A tree cutting company is going to cut a large pecan limb over hanging my Dad's roof on Monday. Iam going to save some of the larger pieces of this limb. It will be about 8" in diameter. I want to seal the ends of the limb. I don't have access to any anchorseal and have learned from reading posts on this board that latex will not work. My question is can I use polyuatheane or a can of spray paint to stop or help eleminate the end checking?
Tom


----------



## woodnthings (Jan 24, 2009)

*Tom Latex has worked for me*

I've had a no of boards milled here on site and coated the ends with surplus latex, 2 coats, so far no significant checking after 1 year of air drying, 1" thick.
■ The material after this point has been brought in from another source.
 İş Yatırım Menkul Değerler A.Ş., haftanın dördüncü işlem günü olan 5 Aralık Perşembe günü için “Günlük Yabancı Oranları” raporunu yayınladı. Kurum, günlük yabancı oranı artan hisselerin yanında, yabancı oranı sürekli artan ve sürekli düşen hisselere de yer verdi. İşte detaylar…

Some other logs I've quartered and painted with the same result. Just slather it on and then recoat. The wood should air dry
some... before application, but not too much, like not right after the log was just cut. Maybe wait a week. That's been my experience. :thumbsup: bill


----------



## TomC (Oct 27, 2008)

Bill,
Thanks for the reply. I take it that from your experience latex works.
I thought I read a post from Texas Timber in the last 2 weeks that said latex was no good as it will let moisture pass and also that the logs need to be coated upon cutting as the drying process starts then.
I am only taking about a few pieces that I think I can get some small boards out of. Do you see any problem using polyuathane?
Tom


----------



## dirtclod (May 7, 2008)

Got a few candles you can melt down? I think parrafin is the foundation for anchorseal. I'll work. Use a double boiler (metal coffee can setting in a pan full of boiling water water) and watch it because that stuff is highly flamable.
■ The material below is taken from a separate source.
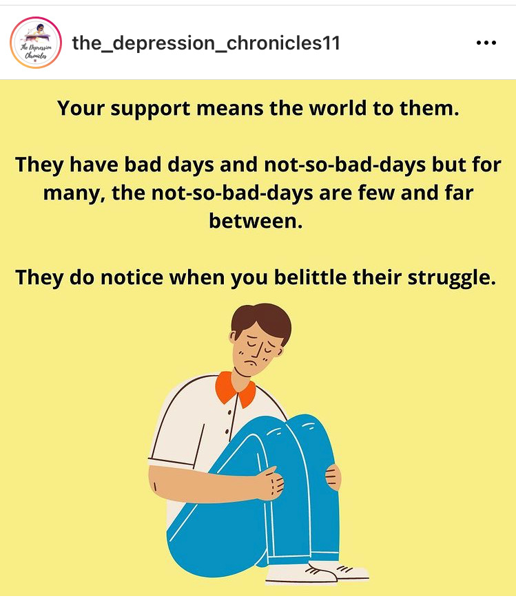 I follow The Depression Chronicles on Instagram. I often find it very helpful in expressing or putting into pictures what it feels like to live with depression. Yes, there are bad days – darkness and hurt. And there are not-so-bad days. But often these do not look much different than the bad days.

I've also heard of using carpenter's glue but am not familiar with which one.


----------



## TomC (Oct 27, 2008)

To be honest its not worth the trouble to melt wax to seal the ends. I was wanting to use something that will work, easy for me to obtain, and easy/quick to apply.
Tom
Also, need by Monday morning.


----------



## Rick C. (Dec 17, 2008)

TomC,
I've used latex on logs and it worked for a short time,then I had mold showing through.If I'm not mistaken commercial sealers have fungicides and mildecides in them to prevent this.


----------



## FrankP20 (Dec 11, 2009)

I've just had a Modesto Ash removed because of invasive roots. I want to save and finish a 4" disk about 24" dia. from the trunk. How should I dry it to minimize checks and cracks? Many thanks, Frank in So. California


----------